Learning while playing
It’s a continuing research into movement that is obviously close to Vantournhout’s heart and that he wants to continue to explore in his next production, the site specific project Screws. He is also toying with the idea of starting a movement school. Maybe even in his own studio, The Wood Cube in Roeselare. “It may be for a little ways down the line. Perhaps in three years I will stop performing altogether, maybe I’ll continue until I am eighty, but it’s true: I would like to start a movement school that goes beyond particular disciplines. I am already coaching athletics for people in top sport. In the research that happens, sport is in many ways far more creative and inventive than the arts. How can you apply choreographic principals to something like volleyball? I examined the question together with a local team. And I am giving lessons to physiotherapists. A physiotherapist can revalidate a damaged knee to perfection, but doesn’t consider how to get the patient to walk better in the first place. They are taught to treat symptoms, but not to think in alternatives for the source of the problem.”
He also continues to think about circus: “I find it problematic that circus education programs are at the same time very specific and much too general in the disciplines they combine. Jugglers, acrobats, clowns and trapeze artists all get their training at the same circus school and each year they get thrown together for an end presentation. I am convinced that a juggler would learn to juggle better in a juggling school, or a dance school, than in a circus school.”
Of note: with Red Haired Men Vantournhout is playing school performances for the first time. A daring choice. “I know it’s not obvious to play for schools, but I find it a must. How better to further social and cultural integration than by doing school performances?

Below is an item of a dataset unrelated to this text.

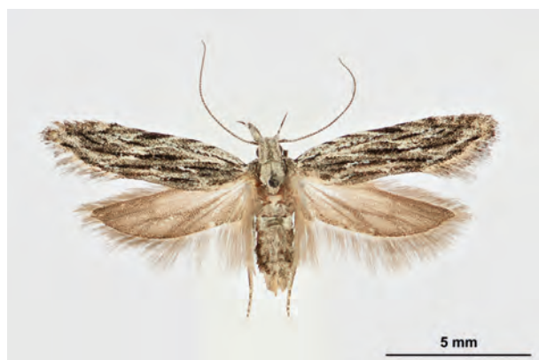
Fig. 18: Anarsia innoxia GREGERSON & KARSHOLT, 2017 (Seite 57) Eberswalde/Stadtgebiet: Kleingartenanlage im Schwärzetal nördlich Forstbotanischer Garten (23.VI.2016 LF leg. et coll. Schwabe det. K. Gregersen). - Neu in Brandenburg einschließlich Berlin; Aufn. M. Schröter.

As a kid I wasn’t the least bit interested in the performing arts – I wanted to become a football player – until I saw some very good productions, and they opened up a whole new world to me: Acrobat, Cie 111, Dimitri Leue, Lisbeth Gruwez, … it’s thanks to them that I am doing what I do today,” recounts Vantournhout. Mardulier agrees. “Playing for kids is so valuable, I appreciate the openness that young people and especially children still possess. Two years ago, when we did one of our very first tryouts, there was a child who was totally fascinated by Axel’s penis, which had been pulled back and fastened with tape: was he a boy, a girl, something in between? The child came up afterwards for some kind of explanation, and we showed him ‘the trick’. It was great to be able to broach the subject of gender fluidity with him in such a simple and concrete way.”